Question

Consider the following statements : \(\mathrm{S}_{1}\) : For an odd function \(\mathrm{f}(\mathrm{x})\), graph of \(y=f(x)\) always passes through origin. \(\mathbf{S}_{2}\) : If \(f\) and \(g\) are two bijective function then \(\mathrm{f}(\mathrm{g}(\mathrm{x}))\) is also bijective. \(\mathbf{s}_{3}:\) All points of intersection of \(y=f(x)\) and \(y=f^{-1}(x)\) lies on \(y=x\) only. State, in order, whether \(\mathrm{S}_{1}, \mathrm{~S}_{2}, \mathrm{~S}_{3}, \mathrm{~S}_{4}\) are true or false (1) T F T (2) T T F (3) \(\mathrm{FTT}\) (4) F FF

Short answer

T T T

Step-by-step solution

Evaluate Statement \ \(\mathbf{S_1}\)

An odd function \(f(x)\) satisfies the property \(f(-x) = -f(x)\). For any point \((a, f(a))\) on the graph, the point \((-a, -f(a))\) will also be on the graph. If the graph passes through the origin, then \(f(0) = 0\). Therefore, an odd function's graph must pass through the origin. Hence, \(\ \mathbf{S_1}\) is true.

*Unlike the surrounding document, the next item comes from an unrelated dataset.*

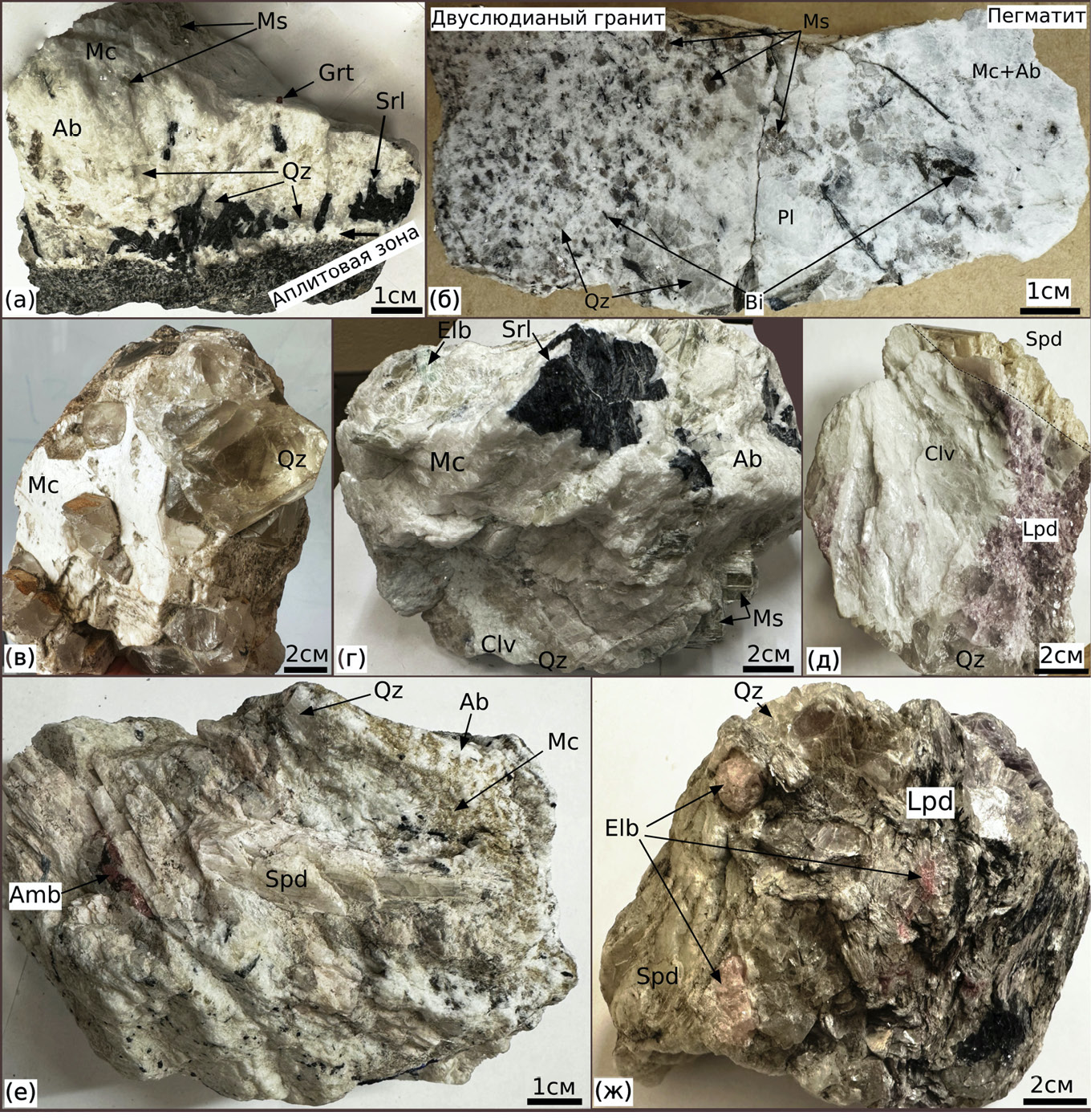 Рисунок 3. Крупнокристаллические структурно-текстурные особенности пегматитов поля Дарай Печ (фото А. Юсуфзай): резкий контакт между лежачим флангом плагиоклаз-микроклин-шерл-биотит-мусковитовой жилы и биотит-амфиболовым диоритом комплекса Нилау (а); зона роста пегматитов из материнских пород – резкий контакт олигоклаз-микроклин-альбит-мусковитовой жилы и двуслюдяных гранитов III-фазы комплекса Лагман (б); горный хрусталь с блоковым микроклином из апографической кварц-альбит-микроклиновой зоны (в); плагиоклаз-микроклин-биотит-мусковитовый пегматит с шерлом и редким бериллом (г); пластинчатый клевеландит с сахаровидным лепидолитом из сподумен-клевеландит-лепидолитовой зоны (д); сахаровидный альбит в кварц-сподумен-альбитовой зоне с амблигонитом (е); крупнозерный лепидолит с ювелирным турмалином из сподумен-клевеландит-лепидолитовой зоны (ж). Обозначения минералов: Ab – альбит, Amb – амблигонит, Clv – клевеландит, Elb – эльбаит, Grt – гранат, Pl – плагиоклаз, Ms – мусковит, Qz – кварц, Spd – сподумен, Srl – шерл, Tur – турмалин, Lpd – лепидолит

Evaluate Statement \ \(\mathbf{S_2}\)

If \(f\) and \(g\) are bijective functions, they are both one-to-one and onto. The composition function \(f(g(x))\) must also be bijective. The reason is that the composition of two one-to-one functions is one-to-one, and the composition of two onto functions is onto. Hence, \(\ \mathbf{S_2}\) is true.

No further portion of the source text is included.